While they may have become more common, the grandeur and drama of firework displays only grew. The ‘General Peace’ after the War of the Austrian Succession was celebrated in London with a grand fireworks display in October of 1748, and it was reported on in detail.
The popularity of fireworks was enough to justify the publication of books of ‘recipes’ for making them, such as ‘Artificial Fireworks, Improved to the Modern Practice’ by Robert Jones in 1776. In that year, it seems anyone could enjoy such delights as ‘Neptune’s Chariot’, ‘Chinese Fire-Ships’ and ‘Thunder in Rooms’, followed perhaps by a ‘Dodecaedron’ and a handful of ‘Ducks’.
Firework displays were a frequent and popular part of Victorian entertainments as well – from Prince Albert’s birthday in 1843 in London, to Queen Victoria’s Diamond Jubilee Celebrations in Penang in Malaysia, fireworks were a key part of the running order.
Drawings such as the above, from the Illustrated London News, are the best images we have of fireworks before photography was able to capture them in all their dazzling glory, although even with this new technology some images remained more impressive than others…..

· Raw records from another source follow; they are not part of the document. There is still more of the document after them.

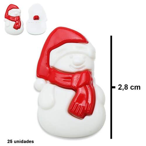 Descrição Botão Infantil KR Natal 6155 Boneco de Neve Branco/Vermelho com 25 Und
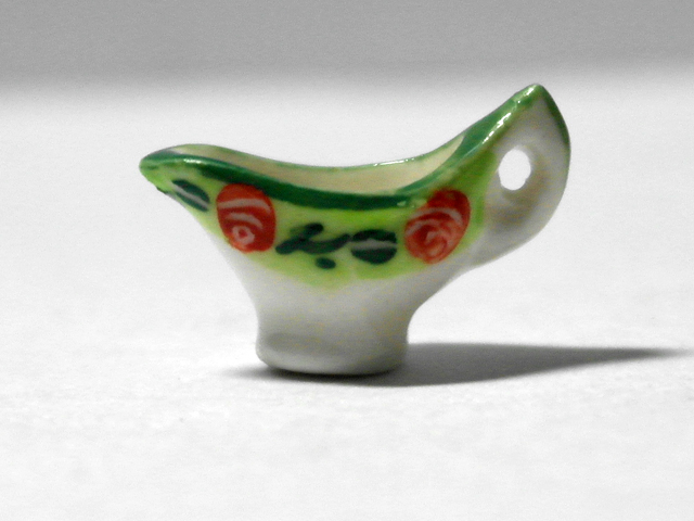英国より直輸入 12分の1サイズの ドールハウス・アクセサリーです。グレービー・ソース入れ:w22 x d11 x h16mm 陶器 Green Border(w:幅、d:奥、Ф:径、h:高)
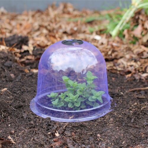 Get a head-start on your spring planting with a plastic garden cloche. Used to protect seedlings from cold and frost, a cloche will also keep your seedlings safe from snails and other pests. Includes an adjustable air vent to control condensation and metal pegs to secure the cloche to the soil.
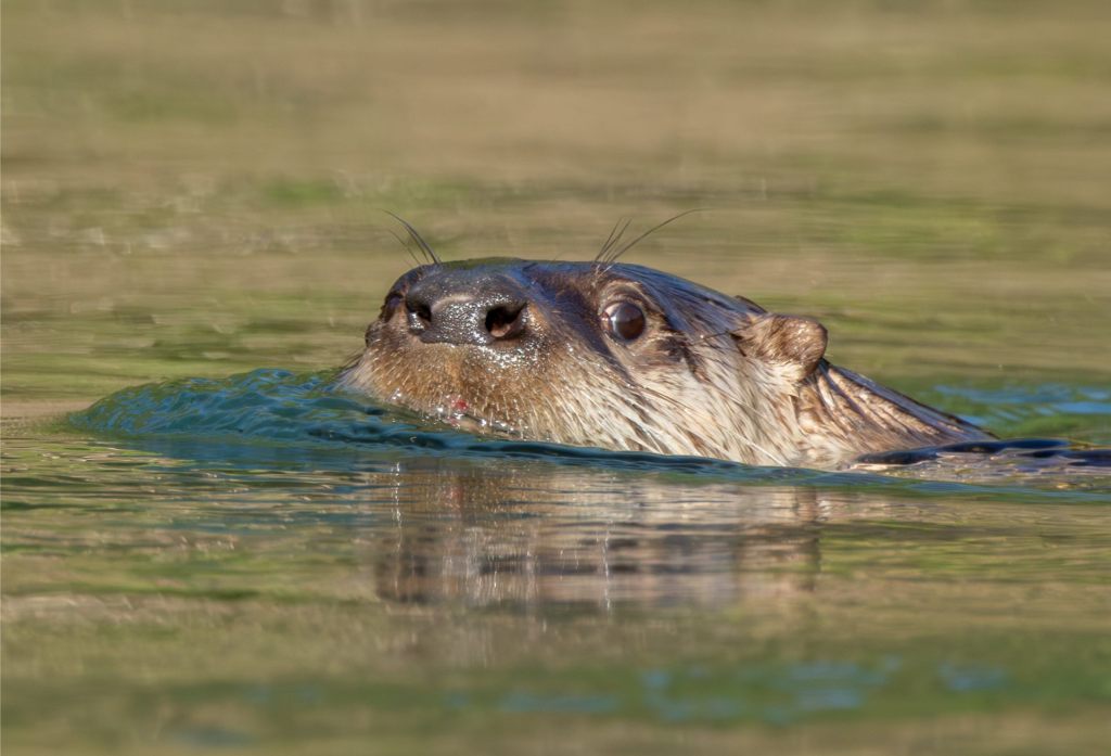 After spotting the Beaver and sharing my excitement, a few skeptical friends asked me how I knew it wasn’t the much more commonly seen North American River Otter. The beaver is a member of the rodent family and even though all I saw was its head before it dove under water not to be seen again, the head shape is not at all like the that of the otter who is a member of the weasel family. Beavers are vegetarians and otters are fierce hunters of anything living in the water and occasionally will take small mammals on land. Below you can compare the two when all you see is the head above water, concealing the well-known flat tail and chunky body of the beaver and the sleek torso and long tapered tail of the otter.
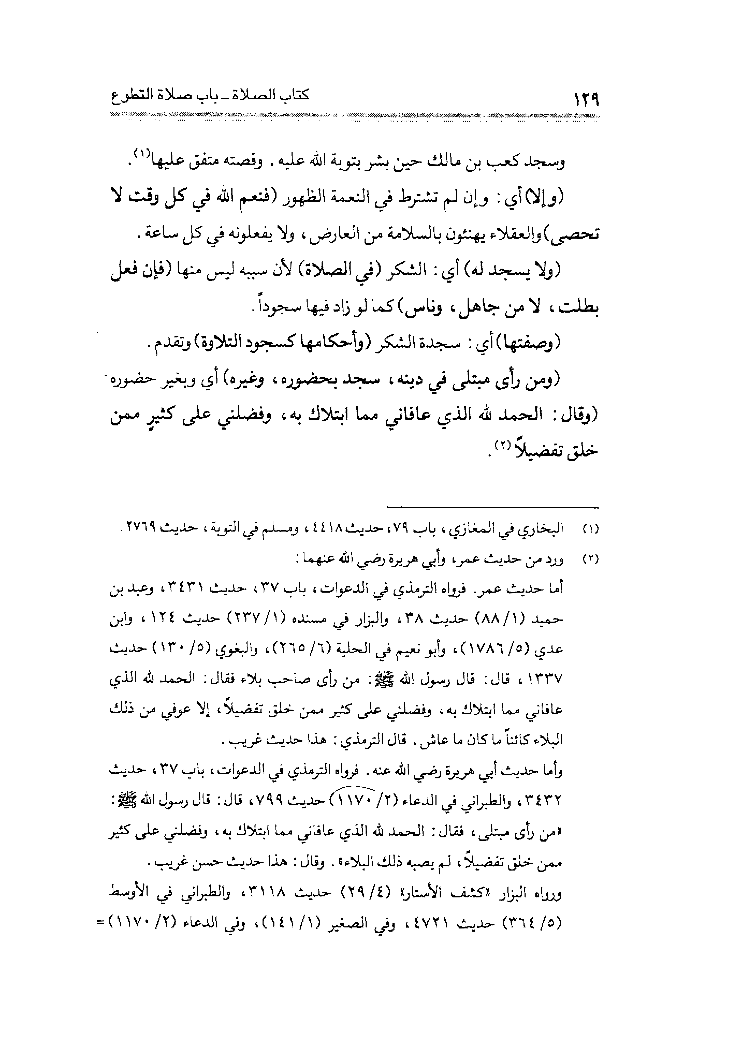 (ومن رأى مبتلى في دينه، سجد بحضوره، وغيره) أي وبغير حضوره (وقال: الحمد لله الذي عافاني مما ابتلاك به، وفضلني على كثيرٍ ممن خلق تفضيلًا (¬٢).
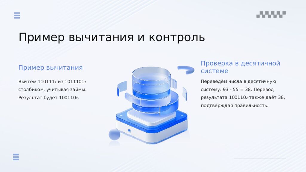 Пример вычитания и контроль Пример вычитания Вычтем 110111₂ из 1011101₂ столбиком, учитывая займы. Результат будет 100110₂. Проверка в десятичной системе Переведём числа в десятичную систему: 93 - 55 = 38. Перевод результата 100110₂ также даёт 38, подтверждая правильность.
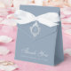 Uma caixa de favor de casamento em tom azul poeirento. Na aba, tem uma crista em foil prateado falso com um monograma dentro, a partir de 2 iniciais.
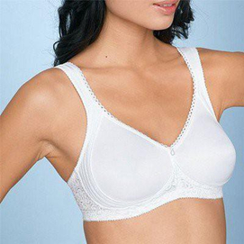 soft cups wide, cushioned straps Simplex fabric with micro denier back nylon-elastane lace, polyester cups, nylon lining hand wash style #2421 white adjustable straps and back-hook closure hang to dry
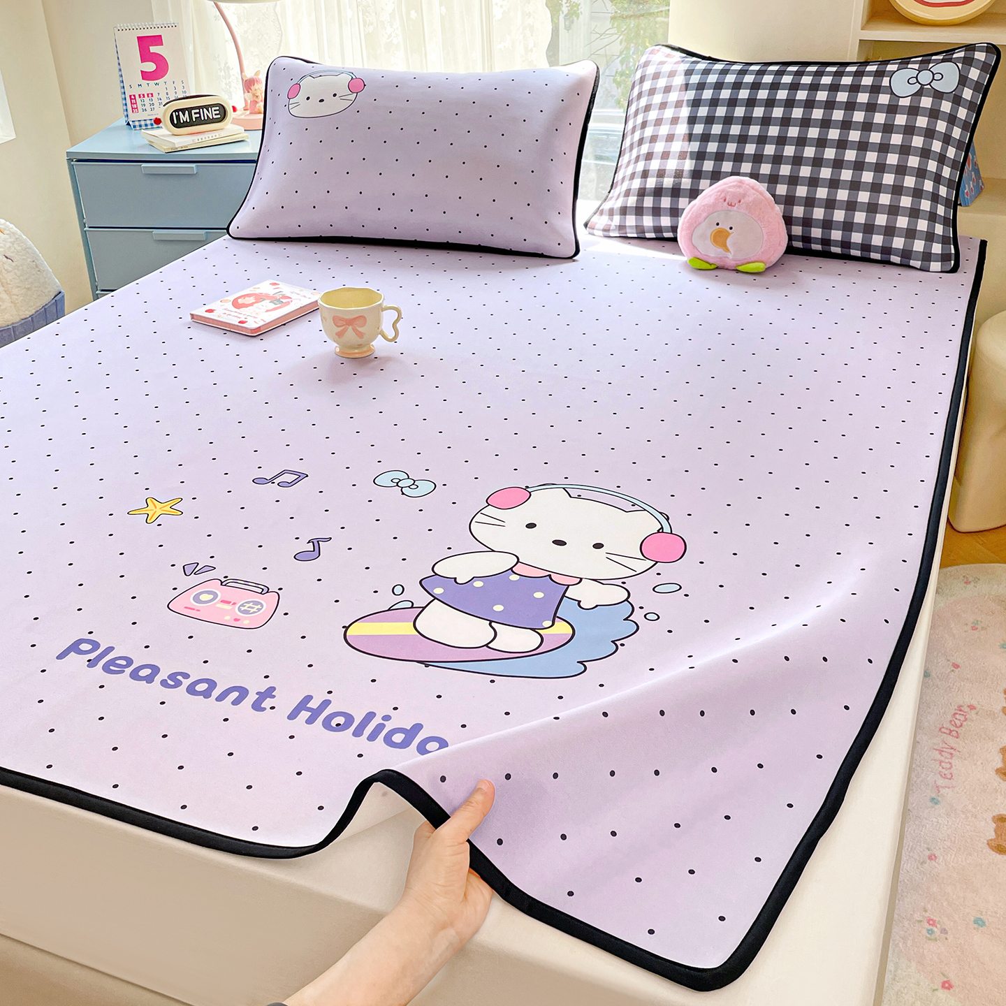 2026新款A类乙纶全PE满版卡通豆豆凉感值0.23凉感软席 90*200cm两件套 床席款-彩虹小马-淡粉
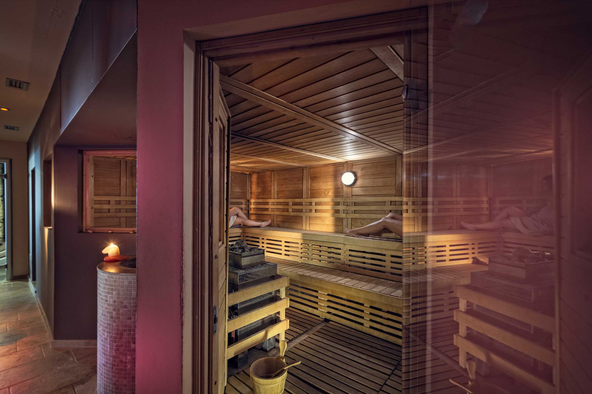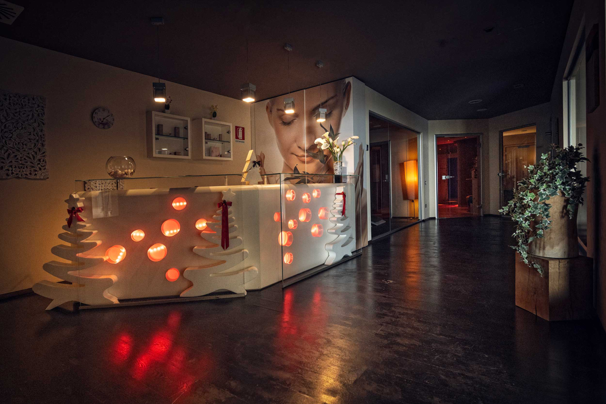 šport a relaxácia - bazén 11 x 7 m s detským bazénikom, vírivkou pre 2 osoby, umelým vodopádom a lehátkami, fínska aromatická sauna#, aromatická para#, ľadový kúpeľ#, multifunkčná sprcha#, Kneippov chodník#, masáže*, kozmetické služby*; služby označené # nemôžu využívať deti do 16 rokov, bazén je deťom prístupný od 10.00 do 18.00 v sprievode rodičov
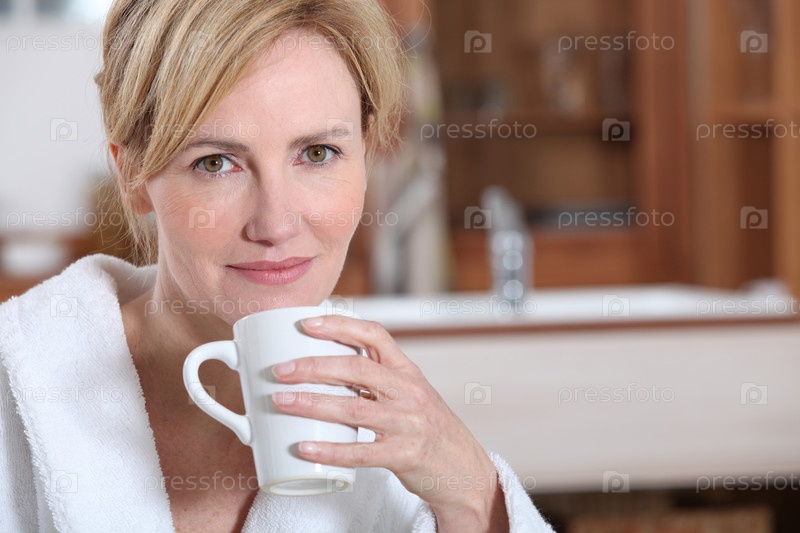 Женщина пьет кофе
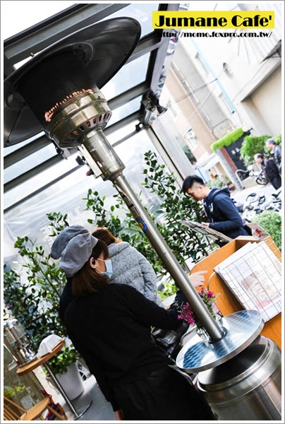| | 其實就算天氣稍微有點涼坐在外頭也不用害怕著涼… 因為這支超大型的火爐足以讓人感覺到夏天來臨XDD… 怕冷的我坐在它旁邊外套都一件一件的脫下來了… 身體一暖肚子馬上就餓起來了這時候就準備要來點餐囉… |
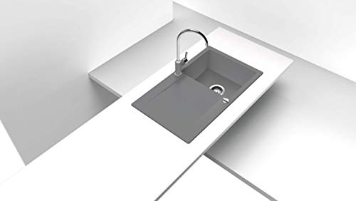 Schock: il lavello in composito di quarzo di alta qualità 86 x 50 cm di colore grigio chiaro CRISTALITE con un singolo lavabo e una superficie di scolo integrata è una vera e propria attrazione in cucina.
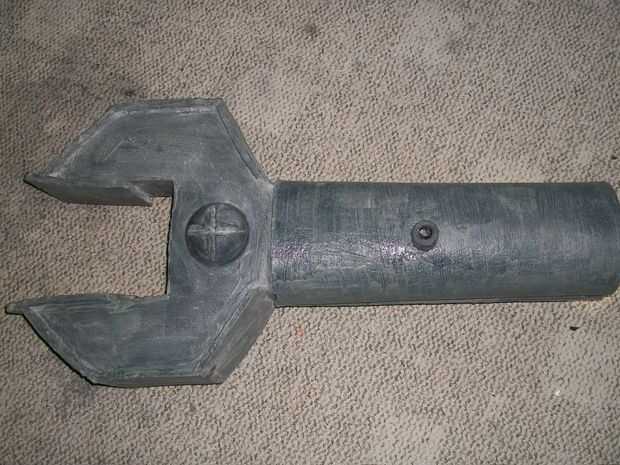 Para hacer el brazo me lió una pieza de espuma de camping hasta que era del tamaño y longitud que quería y gorila pegan las cuatro o cinco pulgadas de superposición pesadamente. Corté dos pequeños agujeros a opposide lados del cilindro donde quería una manija que e inserta un pedazo de tubo PVC a través de ellos. Grabado cierre los extremos del PVC de la pipa y ponen pequeños trozos de tubo de espuma en las puntas para crear la apariencia de un tornillo grande.
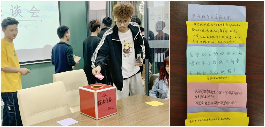 座谈会时间虽然短暂,还有很多同学把想要提出的问题或建议意见留言在卡纸上,投入院长信箱中。相信通过本月的座谈会,同学们会认真总结,继续在未来的道路上扬帆远航。
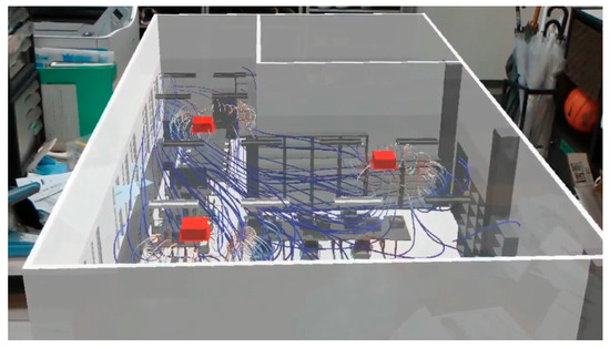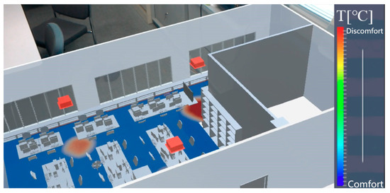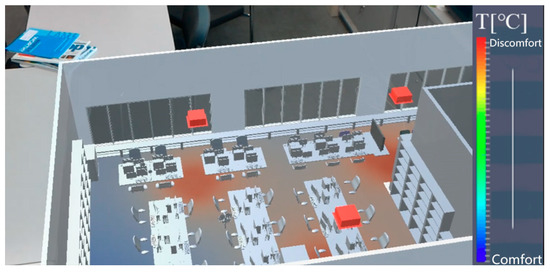 The heat map, calculated by CFD software, is registered in the real world by SLAM. The screenshots of the MR visualization result are shown in Figure 4. The three rectangular occlusions near the left ceiling light are the location of the air conditioner used in the calculation, and the occlusion around the bookcase and wall edges is generated in real time. Figure 5 shows the user’s visual experience of the heat map, combined with a small-scale model of room 411. Figure 6 shows the user’s visual experience of comfort map, where comfort zone shows blue color and discomfort zone shows red color. The comfort zone is where the indoor temperature is 27.2 °C in summer and 17 °C in winter, meanwhile, the upper and lower temperature difference is within 3 degrees [38,39]. Referring to Figure 5 and Figure 6, the user can easily know that the cause of the three circular red discomfort zones in Figure 6 is because the upper and lower temperature difference is too large under the air conditioners, and the corner red discomfort zone is formed because it is too far to transmit heat from the air conditioner in a short amount of time.
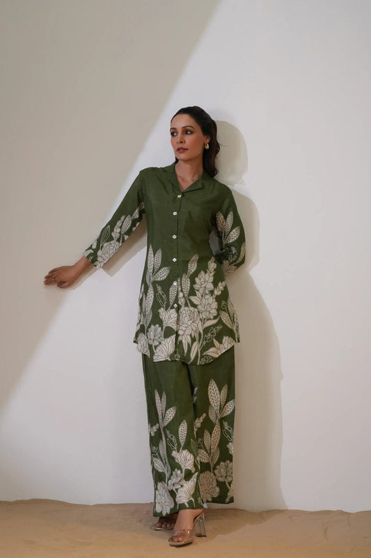 OLIVIYA GREEN FLORAL PRINTED CO-ORD SET

By the end of the nineteenth century, fireworks as a domestic spectacle were being marketed, and the early advertisements in collections such as Nineteenth Century U.S. Newspapers and The Times Digital Archive can tell us much about who they were aimed at, and the occasions for which they were used. They can also shed some interesting light on attitudes to safety and childhood in the same era.
In the Daily Inter Ocean in Chicago in 1893, children were tempted with the full page spread of ‘Fireworks for Nothing!’, with its headline,
‘Why not be a really-and-truly American boy this year, and EARN YOUR OWN FIREWORKS, eh? Papa’s busy; mamma’s got baby’s summer clothes to make. Just think of the relief to them and the fun you’d have if you earned a big box of fireworks – all your very own – that they knew nothing about!’
After all, what could be better than fireworks in the hands of unsupervised children?!
[1] “Triumphs and shows of Grand Turk.” Jul. 21 1582. MS Secretaries of State: State Papers Foreign, Turkey, 1579-1779. SP 97/1 f.20. The National Archives of the UK. State Papers Online. Web. 1 Nov. 2017.